# Моделизм > Общие вопросы >  изготовление мастер-модели на 3d-принтере

## kfmut

Подскажите, пожалуйста, где можно изготовить прототип мастер-модели под литьё смолы в силикон, размеры 17х20х4мм, стенка от 0.3мм, деталировка на картинках



Уже обращался в московский RP-салон/НАМИ( http://rp-salon.ru/ ), питерский 3D-Master( http://3d-master.ru/ ), они отказались, в последнем предложили сделать на ЧПУ из протопласта, но по деньгам получилось совсем не айс. Отослал stl-модель Кемарскому из АБ-Универсал( http://objet.ru ), он что-то не откликается. Обратился в тех.центр Solidscape( http://www.solidscape.ru/tc/tc.html ), те молчат аки партизаны. Так сказать, прошерстил конторы, которые известны и работают с "ювелиркой", а результат почти нулевой...

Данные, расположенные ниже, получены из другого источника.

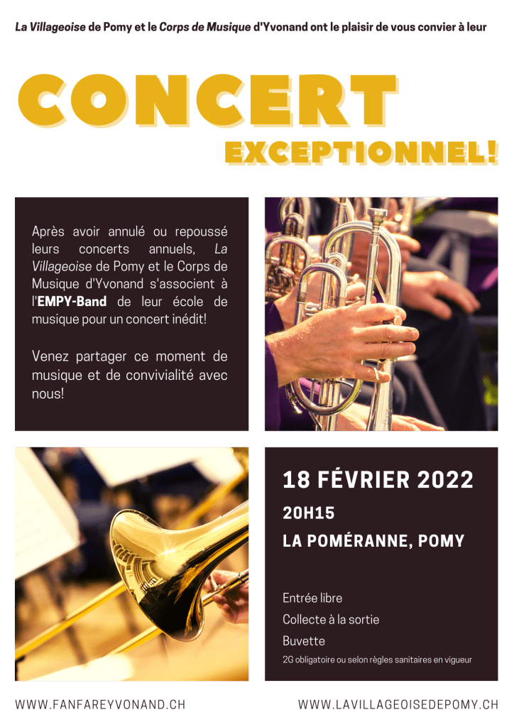 C’est avec grand plaisir et impatience que nous vous convions à notre concert inédit en collaboration avec le Corps de Musique d’Yvonand et l’EMPY, notre école de musique commune!
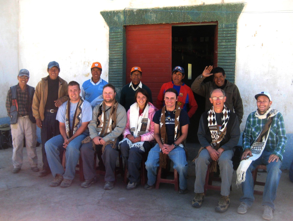 Peru team members (seated, left to right) Shane Robinson, Zach Peterson, Caitlyn Erickson, Shannon Eilers, David Stevens and Jonathan McCulley are pictured above with Tuni Grande community members (standing, left to right) Andres, Miguel, Fabian, Cayetano, Juan and Andres.
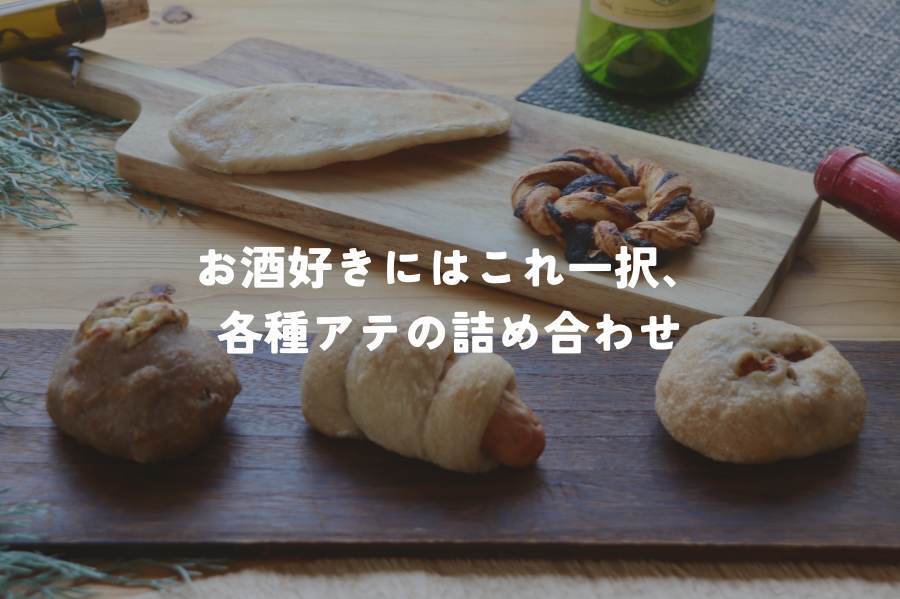 ビールのアテ、焼酎のアテ、白ワインのアテ、赤ワインのアテ、ウィスキーのアテとして開発されたパン5種類が2つずつ入ります。
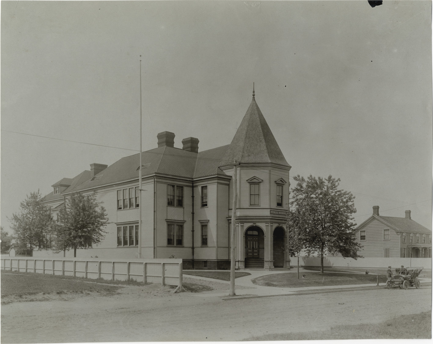 View of two-story wooden-frame school building with turret; sign over entrance: "Public School 27." Two men with car in front of school. Stamped on back: "Photo by F. Ed. Spooner, 1536 B'way, telephone 6536-38th St., New York, N.Y." Handwritten on back: "Architecture--Domestic, 1906."
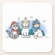 Cartoon Cats Singing Christmas Carols Square Paper Coaster
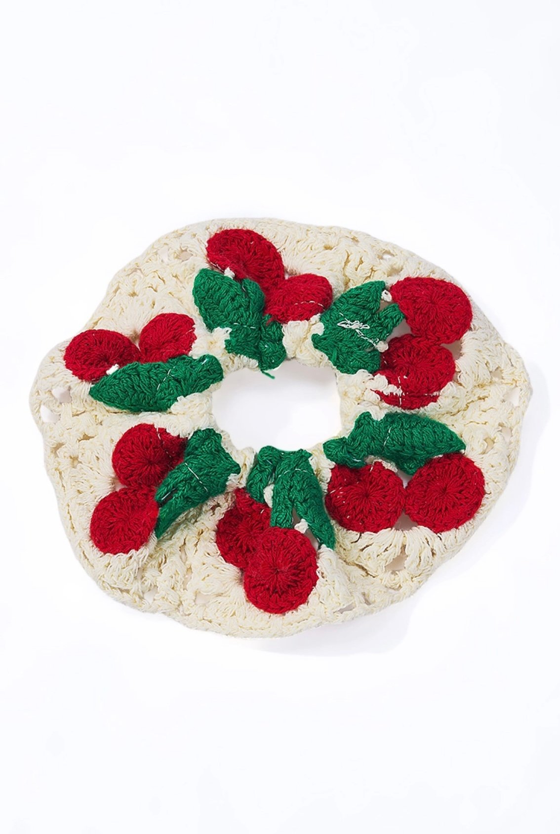 Crochet Elastic Scrunchie with Cherry Pattern
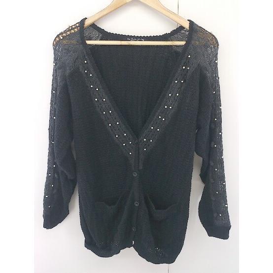 - ◇ RNA アールエヌエー 装飾 長袖 ニット カーディガン サイズM ブラック グレー レディース
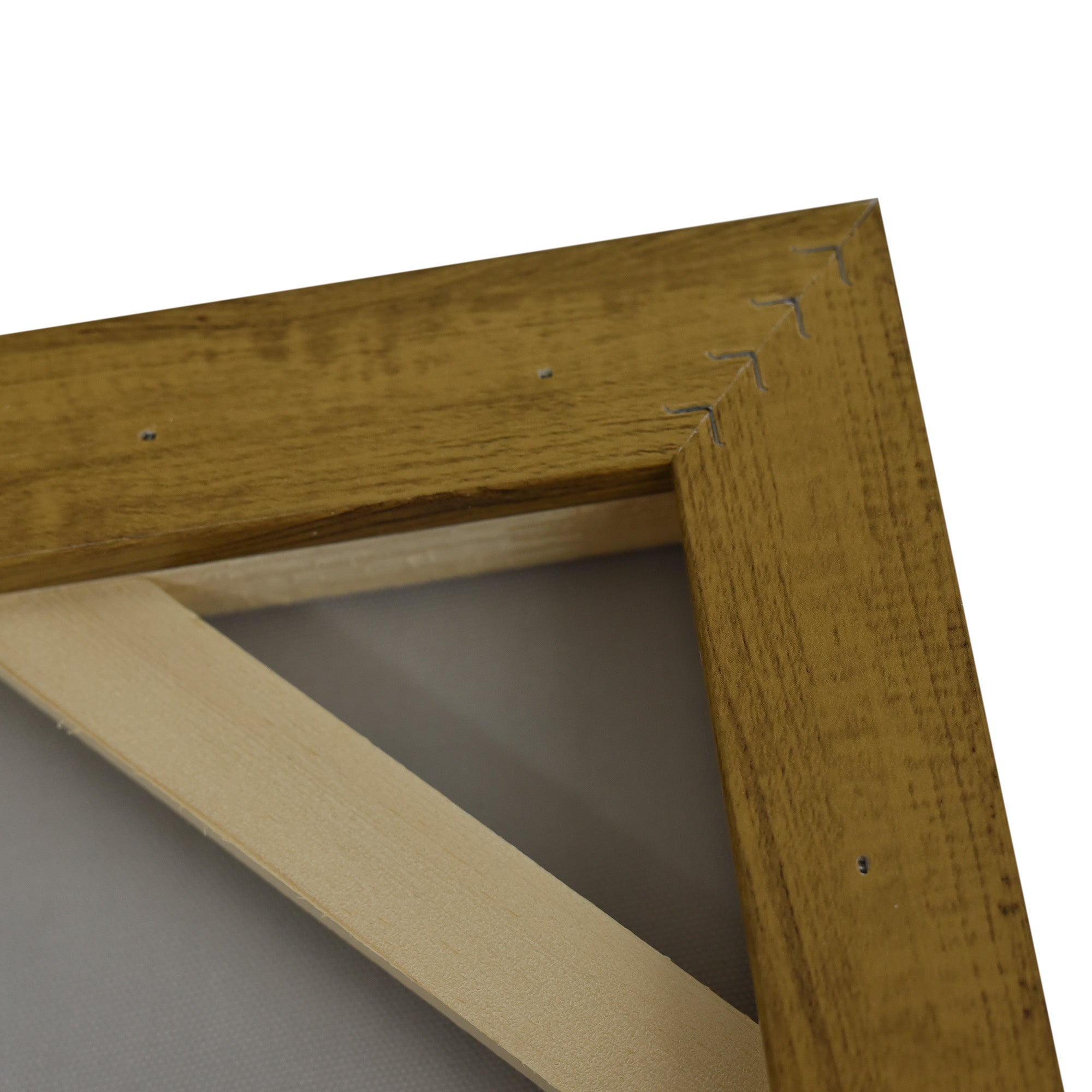 Stretched and gallery wrapped around a wooden stretcher and finished with a floating frame. There is a gap between the frame and print, which creates the floating effect and literally makes the canvas print stand out even more.

Есть у кого-нибудь опыт работы с подобными конторами?

----------


## CINN

Видимо уже НГ праздновать начали...
А вот тут не пробовали?
http://fsapr2000.ru/index.php?showforum=109

----------


## kfmut

ну а как Вы думаете?
http://fsapr2000.ru/index.php?showto...dpost&p=368446 ;-)

----------